Gfci trips

boston62

LifeTime Supporter
Jun 7, 2014
489
Fort Myers, Florida
Pool Size
13000
I swapped out my old breaker, with gfci breaker, but when I go to turn on light it trips. My old breaker had just the hot sire going to it, but no white neutral wire. The new gfci had the hot & coiled wire which h I connected to the neutral bar, there is a screw on the gfci for a neutral wire but non on the old one. Here is the gfvi inztalled..Any ideas? Tank you.
60b035e6d7dbc83bf85babca31e6bc48.jpg
 
You need to connect the neutral wire that feeds your light to the neutral screw on the breaker.

A GFCI works by comparing the current in the neutral wire going to the circuit and the hot wire going to the circuit, so they both have to feed through the breaker. The neutral pigtail is the input for the breaker and the screw is the output.
 
With a 115 volt GFCI breaker you need to connect the neutral line coming from the light to the neutral connection on the breaker, and then the coiled wire on breaker goes to the neutral bus. This is different from a non-GFCI breaker, where the neutral from the light goes straight to the neutral bus.
 
So i have to fish a white wire from the light transformer to the subpanel, can i just join it to the other white wires in the transformer, then fish it over to the subpanel?

No, there is a white wire feeding your circuit in the breaker box already. That wire needs to connect to your GFCI breaker.

A standard 120V circuit has three wires from the breaker box to the equipment: Black hot, white neutral and bare ground.

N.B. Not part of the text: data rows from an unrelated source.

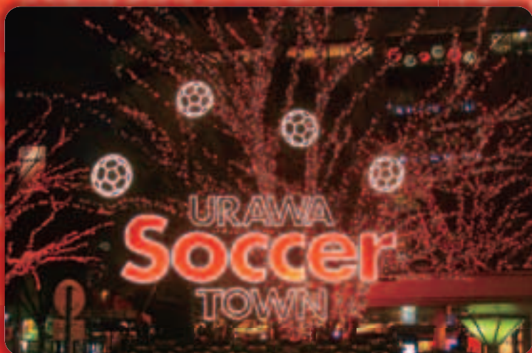
浦和駅西口周辺のイルミネーション
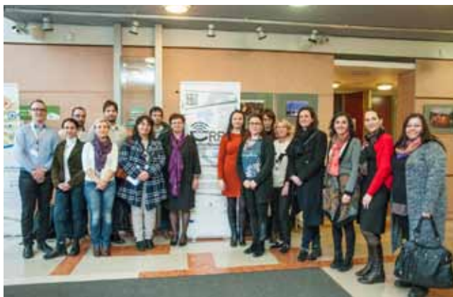
Účastníci konferencie v Doljenských Topliciach v Slovinsku

S cieľom uľahčiť čitateľom výmenu skúseností boli všetky prezentácie, ktoré sú dostupné na platforme
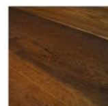
RAME (TIPO ALACEITE)
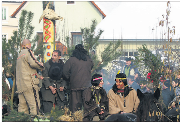
Prvo mesto so si prislužili Indijanci Konjeniškega društva Središče ob Dravi.
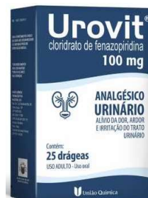
10475-Urovit 200mg c/18 Cloridrato de fenazopiridina Referência: Pvoidium
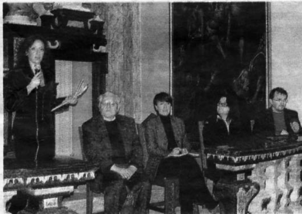
La presentazione dell'attività della Confraternita di San Gerolamo
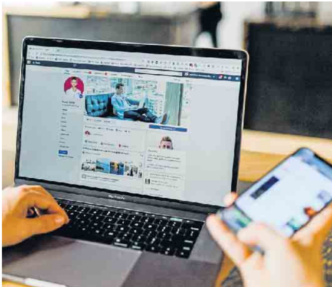
In der virtuellen Welt überzeugen: Stellensuchende sollten ihre Onlineprofile regelmäßig überprüfen und stets aktuell halten.

Neben Karriere- und Businessplattformen tummeln sich viele heute ebenfalls in den eher privat ausgerichteten sozialen Medien. Doch auch hier sollten Bewerber seriös auftreten. Bilder, Beiträge, Kommentare und alles, was dem eigenen Ruf scha-
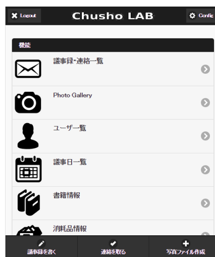
図 2 フレームワーク利用のトップ画面

近年、市場で著しい成長を遂げ、普及の進むスマートフォンやタブレット端末の利用を考慮し、多様なデバイスに対応可能なフレームワークである jQuery Mobile を実装に利用し、使い易さの向上を図った。図 2 は、システムログイン後のトップ画面であり、機能リストから各情報の閲覧、下部タブバーから交信内容の入力を行える。
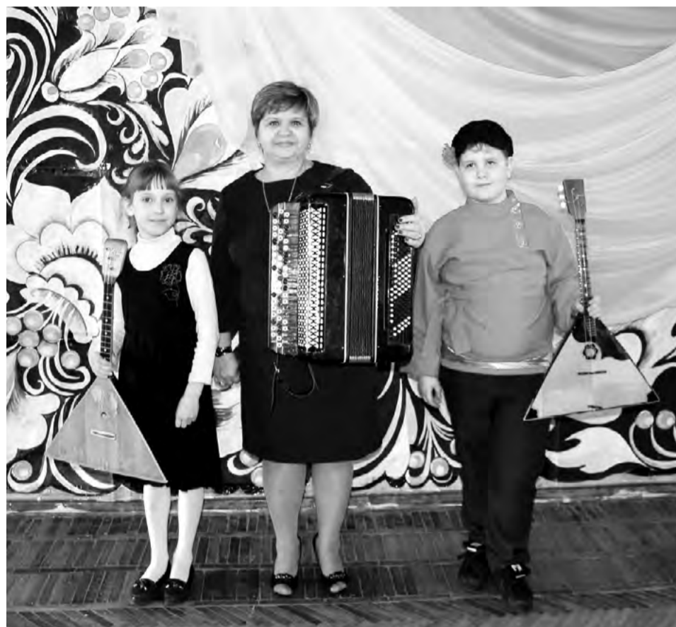
ХОТЕЛОСЬ БЫ, ЧТОБЫ НАШ ТРУД ДОСТОЙНО ОЦЕНИВАЛСЯ. И ТОГДА МУЗЫКАЛЬНЫЕ ШКОЛЫ ОБЛАСТИ ПОПОЛНЯТСЯ МОЛОДЬИМИ СПЕЦИАЛИСТАМИ.

школы активно участвуют в её жизни, выступают на районных мероприятиях, показывают свое мастерство на различных конкурсах. Выпускники с теплотой вспоминают школу, поддерживают с ней связь, сами вливаются в ряды преподавателей.
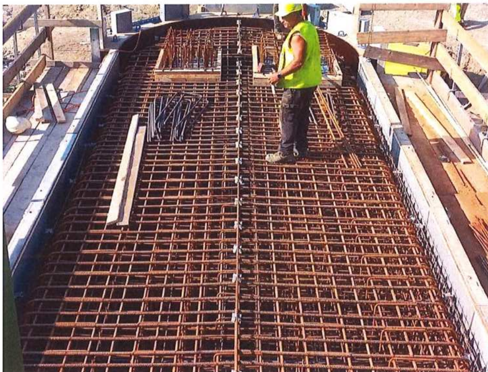
Armovanie piliera č.1 SK strana – SO 12-33-04
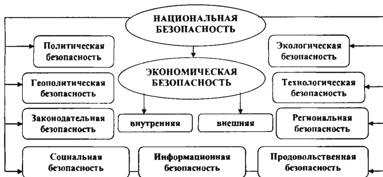
Рис. 2. Место экономической безопасности в системе национальной безопасности государства. 5
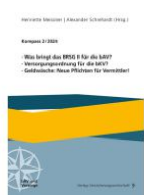
Was bringt das BRSG II für die bAV? Versorgungsordnung für die bKV? Geldwäsche: Neue Pflichten für Vermittler! Ladenpreis: 35,90EUR
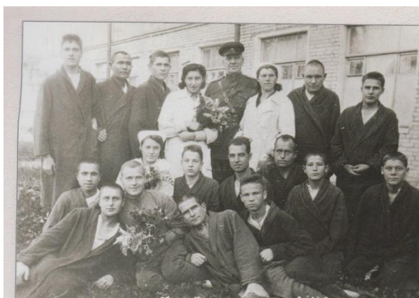
Госпиталь, 1944 г.
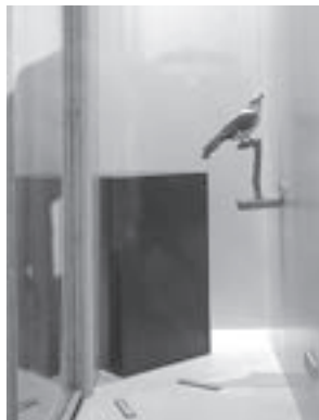
Zlatna vuga u stalnom postavu nakon potresa

Nažalost, građa je nakon potresa pospremljena po čuvaonicama. Postav se polako prazni, čak je na sigurnom i veliki orao štekavac (HŠM Mp 214). “Najhrabriji” se pokazao maleni mužjak zlatne vuge (HŠM Mp 190), koji i dalje prkosi ovim teškim vremenima.
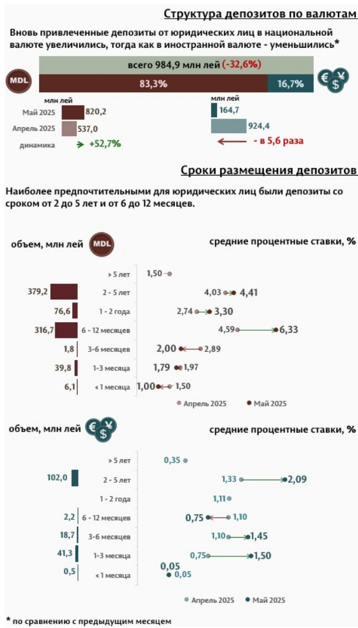
Инфографика 3. Вновь привлечённые срочные депозиты от юридических лиц

Средняя ставка по депозитам, привлечённым в национальной валюте от юридических лиц повысилась по сравнению с предыдущим месяцем на 1,24 п. п. до уровня 4,89%, в то время как средняя ставка по депозитам, привлечённым в иностранной валюте, повысилась на 0,55 п. п. и составила 1,85%.

In your case the equipment is the transformer.
 
There can not just be a single power line running from the breaker to the transformer. There must be a neutral to complete the circuit.

You make it sound like the transformer neutral might be tied into the neutral for some other circuit. If that is the case, not sure a GFCI breaker is going to work correctly ... unless you run a dedicated neutral wire.
 
To put that another way, there must already be three wires, hot neutral and ground, running from the breaker panel to the transformer. You want to connect the breaker panel end of the existing neutral wire to the GFCI breaker, instead of directly to the neutral bus bar.
 
I did it, what was confusing the black wire comes in then goes over to the relay load, then back over to subpanel, i found the white wire by looking in the conduit where the light comes over from transformer. Thanks everyone
 
I did it, what was confusing the black wire comes in then goes over to the relay load, then back over to subpanel, i found the white wire by looking in the conduit where the light comes over from transformer. All fixed.. thanks everyone...

:goodjob: Nice to have 75,000 friends to ask for advice when you are working on the pool!